The Defense Advanced Research Projects Agency (DARPA) is developing a technology testbed to demonstrate the feasibility of a small unit situational awareness system. According to Dr. Paul J. Kolodzy, program manager at DARPA’s Advanced Technology Office in Arlington, Virginia, the situational awareness program originated in a 1996 study by the Defense Science Board. The report concluded that units will be widely scattered across future battlefields, requiring unprecedented amounts of situational awareness data to enhance their combat capabilities.
Based on the study’s results, in 1997 DARPA began the situational awareness system (SAS) program as part of its broader small unit operations (SUO) program. The SUO SAS program seeks to develop a device that will serve as a soldier’s personal communication and location system. It must function under a variety of conditions while receiving and disseminating information from multiple sources such as sensors and other soldiers. Software will process the data and automatically transmit it across the battlefield, allowing soldiers to concentrate on the battle rather than on remembering location and transmission information, Kolodzy says.

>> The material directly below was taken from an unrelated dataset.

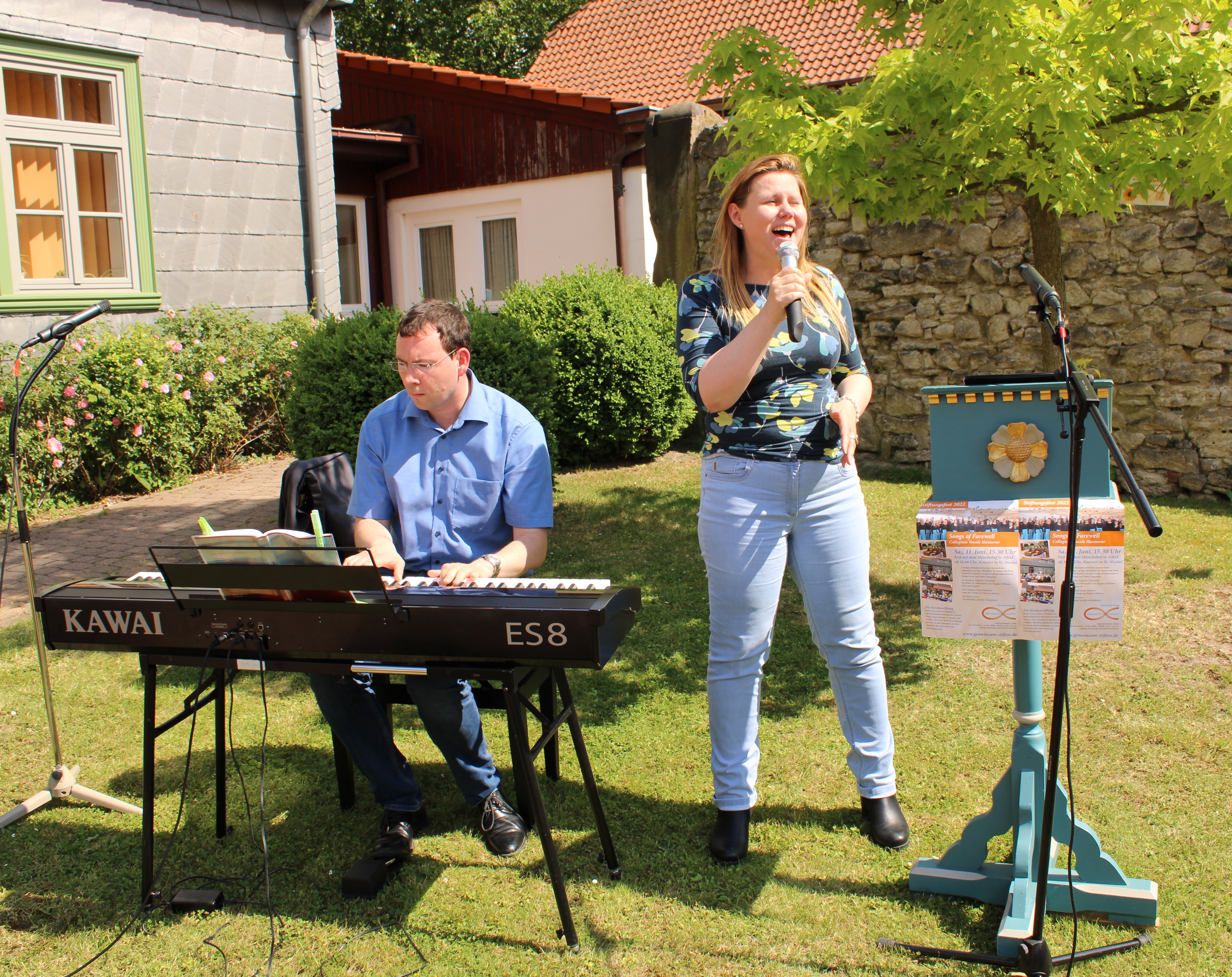 Alfeld. Auf diesen Tag haben die Mitglieder der Kirchenstiftung „miteinander - füreinander“ lange warten müssen. Umso größer war die Freude, als nach einer zweijährigen coronabedingten Zwangspause jetzt wieder ein Stiftungsfest auf dem Alfelder Mönchehof stattfinden konnten. Bei schönstem Sommerwetter erlebten die Besucher eine paar vergnügliche Stunden mit allerlei Leckereien und Musik der beiden KirchenkantorInnen Hanna Jursch und Tobias Langwisch, bevor am Abend der Höhepunkt mit einem Konzert des Vocale Hannover unter dem Motto „Songs of Farewell“ in der St. Nicolai-Kirche den Tag beschloss.

The program’s first goal is to develop extreme radio frequency (RF) agility, which is the ability to shift bands quickly to suit the environment in which the soldier is working. This feat is achieved through software designed to provide the optimum amount of bandwidth to match communication needs. Extreme RF agility allows the SUO SAS radio to switch to specific bands automatically under circumstances such as high frequency transmissions in urban environments and low frequency transmissions in heavily forested regions.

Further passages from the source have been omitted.